Thursday, November 20, 2003

The business of woodturning

There is more to being a woodturner than working at the lathe turning out beautiful hollow vessels. Today was quite atypical of my working day and actually seems worth writing about!

I was on the road at 7am in someone's truck, on the way to fetch that lumber I had cut on Monday. Apart from heavy rain on the journey out, everything went well. The logging truck that was blocking the forest road had just finished loading so we didn't have to wait long. My lumber was still there too! Having lived in high crime areas in the past, rural Nova Scotia takes some getting used to. The loading was heavy work, but it didn't take too long. Then back to the foresters house where he has a big pile of burls for me to pick through.

We were back to my shop within four hours and the rain had stopped. Unloading was a breeze with a dump truck! But the wood was quite dirty, having been sawn in the woods, and was covered in sticky wet sawdust.

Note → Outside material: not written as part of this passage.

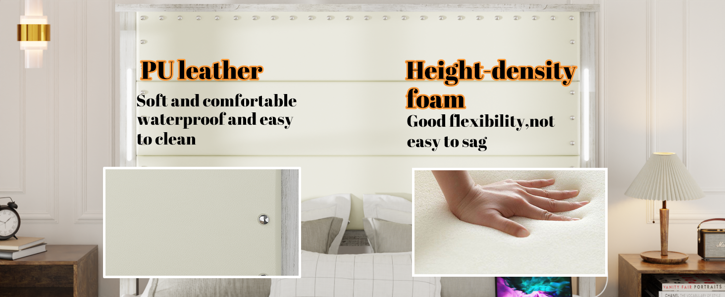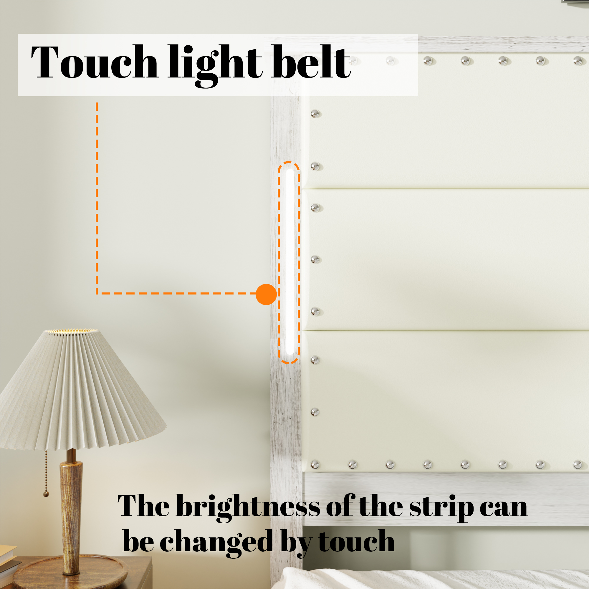 Queen Bed Frame with Charging Station and LED Lights, Wood Slats, Beige Faux Leather & Rivets, No Box Spring Needed

So I decided to hose it all down to clean it up. The oak was already staining from contact with the steel saw blade, and maple develops blue stain if it stays damp for too long, so I think that cleaning it up is a wise move since the surface will dry so much quicker. It was a lovely warm day, 18'C, and a strong wind was drying the surface of the wood quite quickly. We don't get many T-shirt days in November, so it was nice to be working outside.

That green lumber was heavy though, so I was glad to take a break from my labours. At 2pm I had to go and meet a business advisor from Pictou Regional Development Commission. I am thinking about changing the name of my business, and I wanted to talk it through with someone to see if its a totally crazy scheme or not. It was a very useful exercise, and she is going to do some research on my behalf. We met at my local library which has office space available, a very useful facility that several organisations use as satellite office.

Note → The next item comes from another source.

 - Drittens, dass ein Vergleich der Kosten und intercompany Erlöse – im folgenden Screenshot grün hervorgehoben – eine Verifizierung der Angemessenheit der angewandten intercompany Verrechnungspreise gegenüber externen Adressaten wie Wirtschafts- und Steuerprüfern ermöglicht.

After that I returned home to find the wood quite dry, so I carried it all into the workshop and stickered it. I still have to trim the ends of the boards and endseal them to prevent them from cracking. Then they will be stickered in the storage area until they are air dried (<18% EMC), at which point they can go into the kiln or dry room, but that is months away yet.

Then it was time for a quick walk with the dogs. They had missed their morning walk since it was dark when I left home this morning. But we only had time for a short walk before I headed back to the libray again. This time it was to meet delegates from the C@P Summit which is taking place in Pictou. Although not strictly a business meeting, I had supplied the conference with bottle stoppers for the delegates goody bags, so I wanted to help out in return.

Tomorrow I still have a bunch of smaller pieces of wood to sort through and process, but I think the really hard work is done.

Tuesday, November 18, 2003

Busy, busy, busy

I can't believe it's been nearly a month since I last blogged! But it has been craftshow season. That and a short notice order for personalised bottle stoppers has kept me pretty busy. But that is all behind me now. My last show was last weekend, and I delivered the bottle stoppers yesterday morning. The rest of the day was spent in the woods getting some hardwood lumber sawn to my specifications. It was a glorious day considering it is the middle of November.

The fellow who owned the logs had a friend with a portable bandsaw mill come and cut the wood. Those machines are pretty neat. Most of the log handling is done by hydraulics, turning the log to the required orientation and clamping it in place while the bandsaw makes a one-eighth cut along its length. By mid afternoon I had several hundred board feet of maple, oak, white ash and black cherry stacked ready for collection. I have someone with a truck lined up to go collect it with me on Thursday. I just hope its still there!

Today I have been tidying up the shop, moving things around to make space for all this green lumber. My usual drying procedure involves air drying in the shop, then out to the solar kiln, then back into the dry room to get it down to its final 8% moisture content. Its quite a bit of handling, and could probably be made more efficient. Maybe oneday. In the meantime it keeps me fit.